The table below summarizes information about the fair value of financial instruments included in the Company’s financial statements at April 30, 2016 and 2015:
 
    April 30, 2016   April 30, 2015
(In thousands)   Carrying
Value
  Fair
Value
  Carrying
Value
  Fair
Value
                 
Cash   $ 602     $ 602     $ 790     $ 790  
Finance receivables, net     334,793       268,926       324,144       256,681  
Accounts payable     12,313       12,313       11,022       11,022  
Revolving credit facilities     107,902       107,902       102,221       102,221  
 
Because no market exists for certain of the Company’s financial instruments, fair value estimates are based on judgments and estimates regarding yield expectations of investors, credit risk and other risk characteristics, including interest rate and prepayment risk. These estimates are subjective in nature and involve uncertainties and matters of judgment and therefore cannot be determined with precision.

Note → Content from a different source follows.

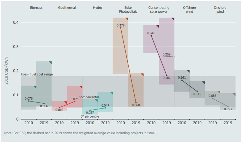 新近投產(chǎn)的水力發(fā)電項(xiàng)目的全球加權(quán)平均平準(zhǔn)化度電成本LCOE從2010年的0.037美元/千瓦時(shí)增至2019年的0.047美元/千瓦時(shí)。盡管如此,水力發(fā)電仍然非常具有競(jìng)爭(zhēng)力,在2019年投產(chǎn)的所有發(fā)電容量中,有十分之九的發(fā)電成本都低于使用最便宜的新建化石燃料發(fā)電項(xiàng)目。2019年,地?zé)岚l(fā)電成本約為0.073美元/千瓦時(shí),生物質(zhì)發(fā)電成本約為0.066美元/千瓦時(shí),這些技術(shù)提供穩(wěn)定的電力供應(yīng)并且發(fā)電容量的成本與新建化石燃料發(fā)電成本范圍的下限相當(dāng)。

Changes in assumptions could significantly affect these estimates. The methodology and assumptions utilized to estimate the fair value of the Company’s financial instruments are as follows:
 
Financial Instrument
Valuation Methodology
   
Cash The carrying amount is considered to be a reasonable estimate of fair value due to the short-term nature of the financial instrument.
   
Finance receivables, net The Company estimated the fair value of its receivables at what a third party purchaser might be willing to pay. The Company has had discussions with third parties and has bought and sold portfolios, and has had a third party appraisal in November 2012 that indicates a range of 35% to 40% discount to face would be a reasonable fair value in a negotiated third party transaction.  The sale of finance receivables from Car-Mart of Arkansas to Colonial is made at a 38.5% discount. For financial reporting purposes these sale transactions are eliminated. Since the Company does not intend to offer the receivables for sale to an outside third party, the expectation is that the net book value at April 30, 2016, will ultimately be collected. By collecting the accounts internally the Company expects to realize more than a third party purchaser would expect to collect with a servicing requirement and a profit margin included.  
   
Accounts payable The carrying amount is considered to be a reasonable estimate of fair value due to the short-term nature of the financial instrument.
   
Revolving credit facilities The fair value approximates carrying value due to the variable interest rates charged on the borrowings, which reprice frequently.